Chapter 2: Biochemistry


What is the Hydrogen Line?

Dear Dr. SETI:
What is the hydrogen line, and why are radio or RF transmissions prohibited at this frequency? Thanks for any info.

Chris, Florida

The Doctor Responds:
The hydrogen line (1420.40575 MHz) is the precession frequency of neutral hydrogen atoms, the most abundant substance in space. It happens to fall in the quietest part of the radio spectrum, what's known as the Microwave Window. Although there may not seem to be a lot of loose hydrogen atoms about (there's perhaps one per cubic centimeter of interstellar space), the interstellar medium contains a lot of cubic centimeters. So these individual atoms chirping away at 1420 MHz make a powerful chorus, which is readily detected by even small radio telescopes.

Hydrogen line radiation was first detected by Harvard grad student Harold Ewen and his professor, Edward Purcell, in 1951. Their instrumentation, a simple waveguide horn antenna about a meter across driving a crude diode mixer, is now on display at the National Radio Astronomy Observatory (NRAO), Green Bank WV. It's also been memorialized in song.

Why is the hydrogen line protected spectrum? It's a great frequency for observing the structure of the universe, and some of the best and most detailed Milky Way radio maps have been made on the hydrogen line. It is probably the world's most popular radio astronomy frequency, and the International Telecommunications Union (ITU) has the good sense to protect it.

In 1959 two scholars (Philip Morrison at Cornell University and Frank Drake at NRAO) independently recognized that the hydrogen line would be a likely frequency for interstellar beacons. They reasoned that more advanced civilizations would reason that young civilizations (like ours) might already be listening there. Based upon that circular reasoning, Morrison went on to co-author the world's first modern SETI article ("Searching for Interstellar Communications," Nature 184(4690):844-846, September 19, 1959), and Drake conducted a the first modern SETI study, "Project Ozma," a hydrogen line search of two nearby Sun-like stars for possible artificial signals.

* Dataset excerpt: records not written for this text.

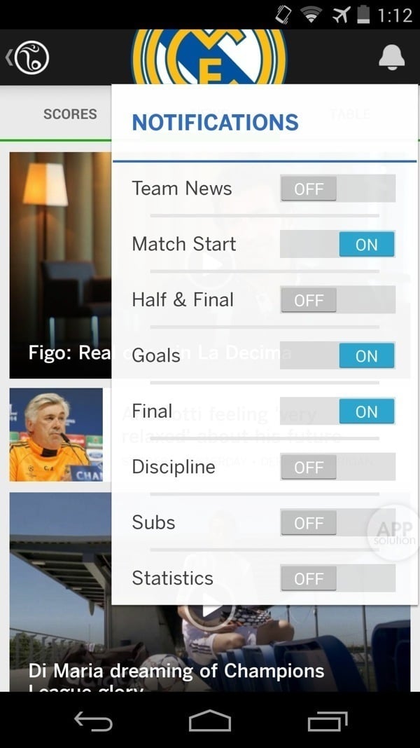 按联赛或杯赛找到你的球队,即可设置球队新闻、开球、半场、进球、全场、吃牌、换人和统计数据等多达八种提醒。ESPN FC 的提醒非常即时,往往电视里还没播到进球,手机就已经提前剧透了……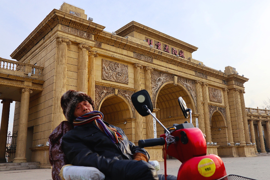 1月18日,在北京太陽城國際養老公寓大門前的廣場上,一位老人坐在代步車上曬太陽。記者 張小潔 攝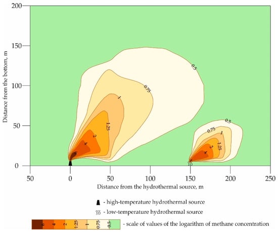 Based on the results of the sampling of the Logachev hydrothermal fluid end-member [29] and hydrothermal plumes, a schematic structure of methane anomalies was constructed (Figure 14). The maximum concentrations of CH4 in our work are close to the ocean floor (~50–100 m), below the levels of turbidity anomalies. In the case of low-temperature discharging, methane anomalies are present without any signs of increased turbidity, and the maximum is located at ~ 20–30 m from the bottom.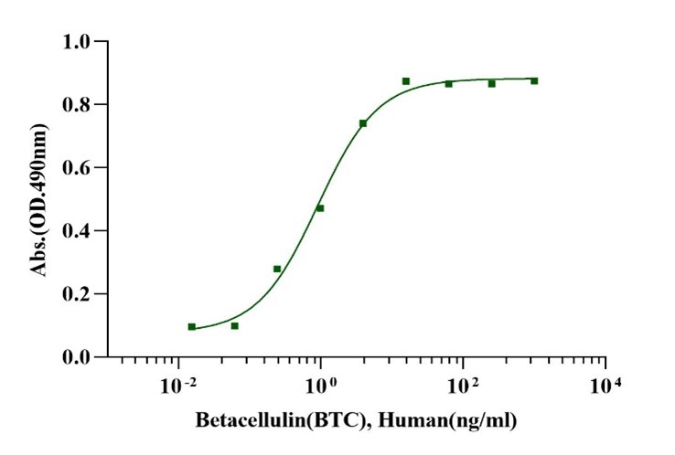 Betacellulin (BTC) is a member of the epidermal growth factor (EGF) family. Betacelluli is expressed in most tissues including kidney, uterus, liver and pancreas. It is also present in body fluids, including serum, milk, and colostrum. It is synthesized primarily as a transmembrane precursor, which is then processed to a mature molecule by proteolytic events. Betacellulin signals through the EGF receptor.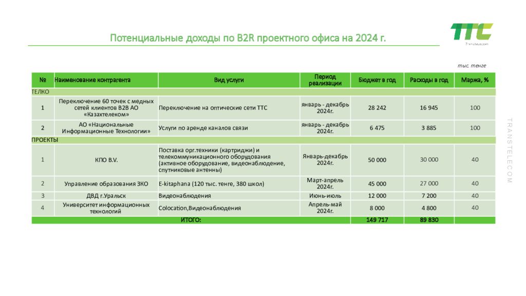 T R A N S T E L E C O M Потенциальные доходы по B2R проектного офиса на 2024 г. тыс. тенге № Наименование контрагента Вид услуги Период реализации Бюджет в год Расходы в год Маржа, % ТЕЛКО 1 Переключение 60 точек с медных сетей клиентов B2B АО «Казахтелеком» Переключение на оптические сети ТТС январь - декабрь 2024г. 28 242 16 945 100 2 АО «Национальные Информационные Технологии» Услуги по аренде каналов связи январь - декабрь 2024г. 6 475 3 885 100 ПРОЕКТЫ 1 КПО B.V. Поставка орг.техники ( картриджи ) и телекоммуникационного оборудования (активное оборудование, видеонаблюдение, спутниковые антенны) Январь-декабрь 2024г. 50 000 30 000 40 2 Управление образования ЗКО E- kitaphana (120 тыс. тенге, 380 школ) Март-апрель 2024г. 45 000 27 000 40 3 ДВД г.Уральск Видеонаблюдения Июнь-июль 12 000 7 200 40 4 Университет информационных технологий Colocation,Видеонаблюдения Апрель-май 2024г. 8 000 4 800 40 ИТОГО: 149 717 89 830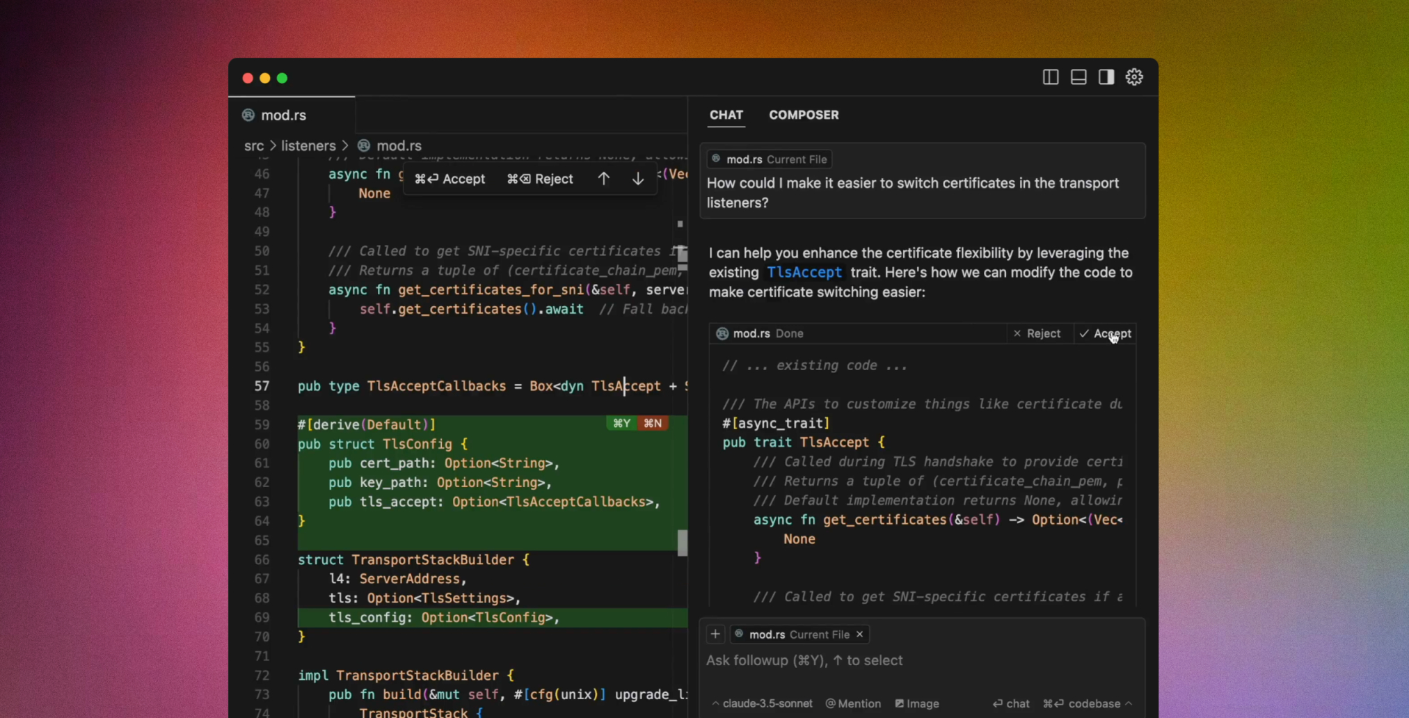 Cursor, kullanıcıların yazım tarzlarını öğrenmek ve buna uygun kod tamamlama önerileri sunmak için özellikle OpenAI’ın GPT-4 modeli ve Claude’ın Sonnet 3.5 gibi büyük dil modellerinden faydalanıyor. Bu modeller, hem kullanıcıların bağlama uygun kodlar yazmasına yardımcı oluyor hem de hata düzeltme sürecinde yüksek doğruluk sağlıyor.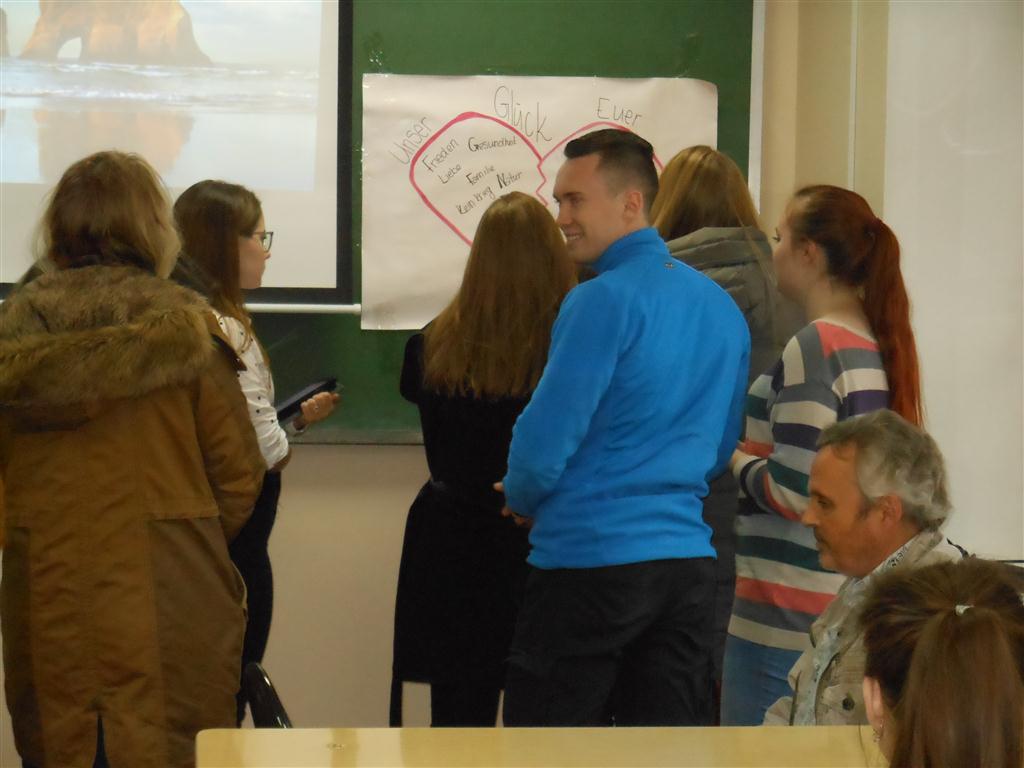 На этот раз тема семинара звучала так: «I Love me, weil…“ (Я люблю себя, потому что…), а далее студенты раскрывали ее смысл, говоря об индивидуальности и неповторимости каждого из нас, о необходимости любить и быть любимым и об открытости миру (Если ты благосклонен к нему, то вправе рассчитывать на его благосклонность тоже!) …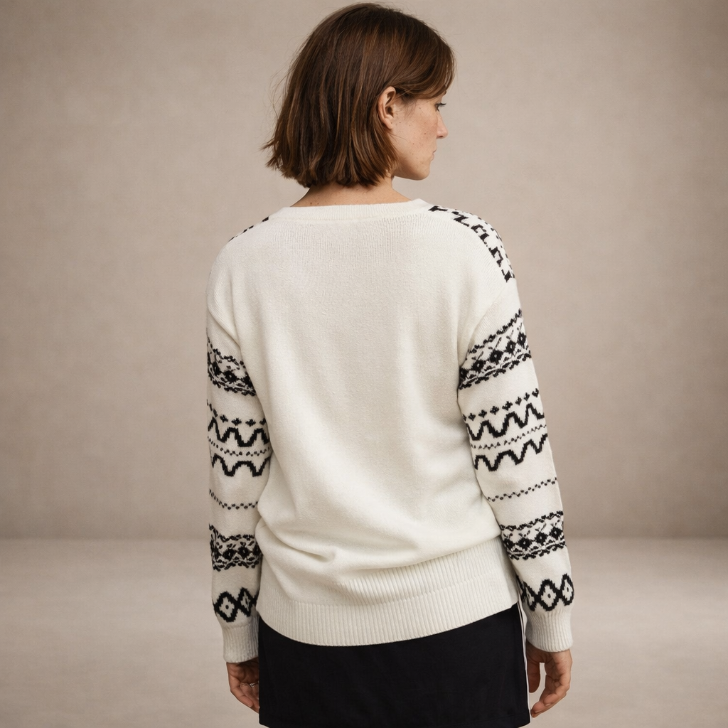 This graphic knit jumper offers a cosy yet modern look with a timeless pattern that feels effortlessly wearable. Designed for everyday comfort, it is ideal for casual outings, layering through the seasons or relaxed at-home styling.

Over the past forty years, about three dozen other hydrogen line searches have been conducted. It was on the hydrogen line that in 1977 the Big Ear radio telescope at the Ohio State Radio Observatory detected the so-called "Wow!" signal, the most promising, intriguing and beguiling SETI candidate signal to date. The "Wow!" is also the best known SETI signal, having been featured in the "X-files." After about 100 follow-up attempts over a twenty year period, that signal has never repeated and remains unexplaned.